TA - BO.2004.0168 - 2005-06-27 - X c/Office cantonal des bourses d'études et d'apprentissage

27 juin 2005Français8 min

Source vd.ch

Faits

Vu les faits suivants

A.

A.________, ressortissant tunisien né le 12 janvier 1970, est

arrivé en Suisse le 1er octobre 1998; il y a obtenu l'asile le 28

octobre de l'année suivante. Il est actuellement domicilié à Z.________, au

bénéfice d'un permis d'établissement (livret C). Le 13 mars 2003, il a épousé B.________,

ressortissante tunisienne née le 13 février 1983.

B.

A.________ est titulaire d'une licence en administration

publique décernée en 1998 par l'Université internationale d'Afrique de Khartoum,

au Soudan. Il a entrepris des études à la faculté des HEC de l'Université de

Lausanne durant les années universitaires 1999/2000 (un semestre) et 2000/2001.

Ensuite, durant l'année universitaire 2001/2002, A.________ a entrepris des

études à la faculté de droit de l'Université de Lausanne (deux mois), qu'il a

poursuivies à la faculté de droit de l'Université de Neuchâtel. Aussi bien ses

études en HEC que ses études de droit se sont soldées par des échecs

définitifs.

Depuis 1999, les autorités du canton de Thurgovie

(auquel il avait été attribué comme requérant d'asile) lui ont accordé cinq

bourses semestrielles maximales pour suivre les cours de l'Université de

Lausanne, une bourse semestrielle maximale pour suivre les cours de l'Université

de Neuchâtel, ainsi qu'un prêt de 5'000 francs.

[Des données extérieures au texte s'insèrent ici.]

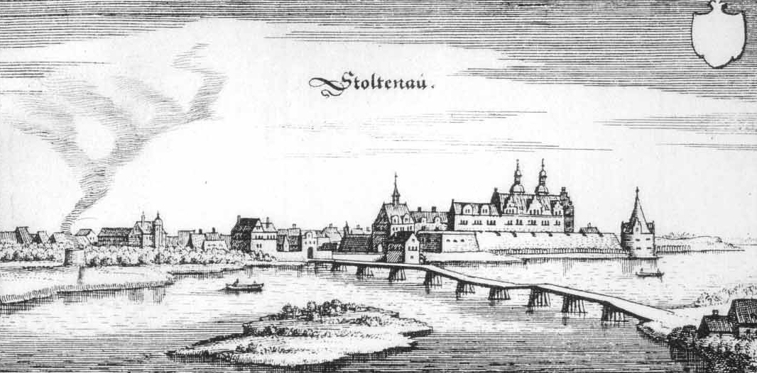 This is a scan of the historical document

Depuis 2003, A.________ et son épouse sont

entièrement assistés par le Centre social d'intégration des réfugiés (CSIR), à

Lausanne, l'intéressé n'ayant jamais travaillé depuis son entrée en Suisse, le

1er octobre 1998.

C.

Par demande parvenue à l'Office cantonal des bourses

d'études et d'apprentissage (l'office) le 13 août 2004, A.________ a requis une

bourse pour suivre la première année d'études à l'Ecole supérieure vaudoise

d'informatique de gestion (ESVIG). Cette formation, d'une durée de deux ans,

lui permettrait d'obtenir le titre d'informaticien de gestion.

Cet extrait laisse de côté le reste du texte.